British High Commissioner Lindsay Skoll took a keen interest in the proposed study at an early stage of its development such that the British High Commission became the main sponsor of the project. This involved the fitting of tiny GPS loggers to Sooty Terns while they were incubating their eggs in June-July, waiting for them to depart on a foraging trip and then catching them again on their return in order to download the location data, accurate to about three metres that had been stored by the loggers.

The first loggers were attached to birds in late June, when food was plentiful, and foraging trips lasted one to two days. These birds fed over the shallower waters on the Seychelles bank, spending most of their feeding time south of Bird, in the vicinity of Aride and Silhouette. Their round trips involved journeys of 100 to 150 kilometres. As the study progressed, however, foraging trips became longer, taking six to 13 days.

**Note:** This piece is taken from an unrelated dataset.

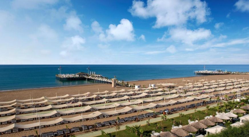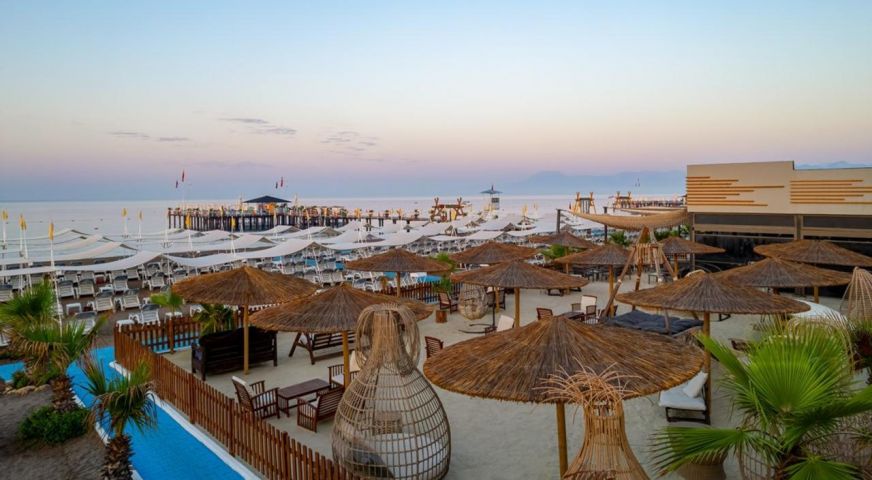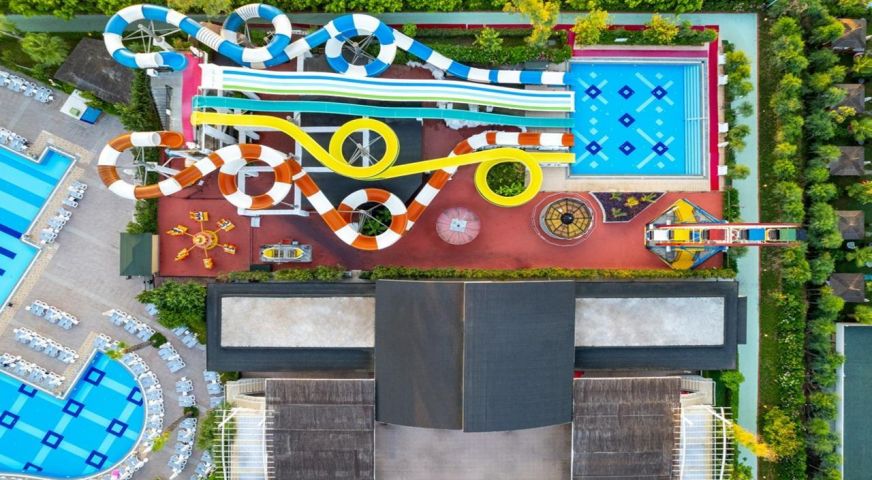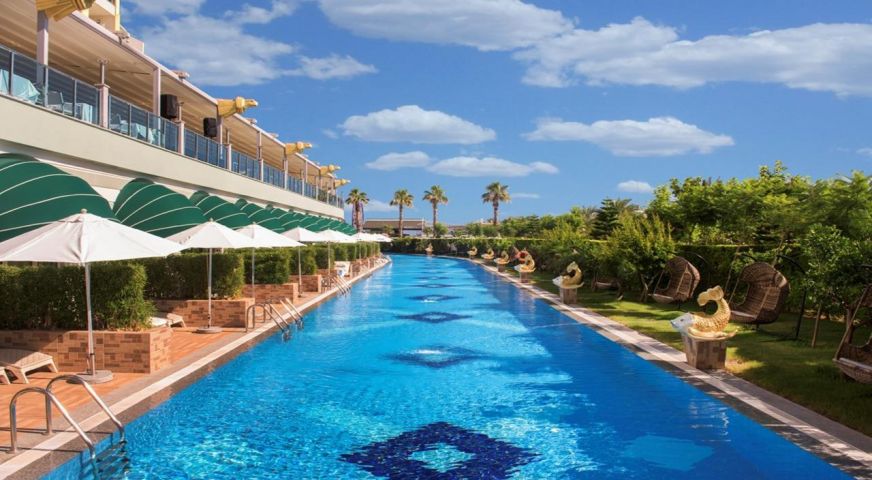 Намира се на 15 км. от летище Анталия, на 10 км. от центъра на Анталия, в района на Лара, на брега на морето. Посторен през 2012 г., с обща площ 54.000 м2., реновиран 2014 г.

This and other observations indicated that Sooty Terns were finding it harder and harder to find food and many birds abandoned their eggs. In the first half of July two birds were tracked over six-day foraging trips and these made remarkable journeys in search of food. One headed west from Bird Island and fed over 900 kilometres away, half way to the African coast, making a round trip of over 2,000 kilometres. The other bird headed north from Bird Island and after flying about 450 kilometres turned north-east, flying for about another 350 kilometres before finding food and spending 36 hours in this location. It then flew south for 560 kilometres and then decided to retrace its steps, finding more food before returning the remaining 320 kilometres to Bird Island and completing a round trip of about 2,000 kilometres.

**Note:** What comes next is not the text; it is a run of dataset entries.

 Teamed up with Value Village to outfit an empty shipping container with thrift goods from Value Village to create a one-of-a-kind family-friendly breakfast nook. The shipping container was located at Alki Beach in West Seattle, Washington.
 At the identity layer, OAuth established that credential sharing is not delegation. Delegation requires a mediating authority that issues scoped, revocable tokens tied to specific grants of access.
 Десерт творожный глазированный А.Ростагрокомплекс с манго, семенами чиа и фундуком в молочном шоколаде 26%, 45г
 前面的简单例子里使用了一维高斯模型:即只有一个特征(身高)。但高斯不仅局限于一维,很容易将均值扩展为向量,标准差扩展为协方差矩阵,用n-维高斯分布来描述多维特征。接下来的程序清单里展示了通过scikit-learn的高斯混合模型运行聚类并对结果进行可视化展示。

We do not know what caused the food shortage in July but the data show how sensitive Sooty Terns are to sudden changes in their food supply, the lengths they will go to in search of food while attempting to breed, and also the impact that food shortage has on incubation behaviour and the birds’ success in rearing young. It is hoped that this year’s study will form the basis of a wider investigation of the relationship between Sooty Terns and oceanic conditions in collaboration with other ornithologists in the Indian Ocean and in other ocean systems.

Chris and Christine wish to acknowledge invaluable support from others who made the 2014 study possible, namely James Cadbury and the Percy Sladen Memorial Fund for financial help, Bird Island and its owners for their enthusiastic contribution of facilities, PathTrack (UK) for advice on their GPS loggers throughout the fieldwork and the Seychelles Bureau of Standards for their approval of the project.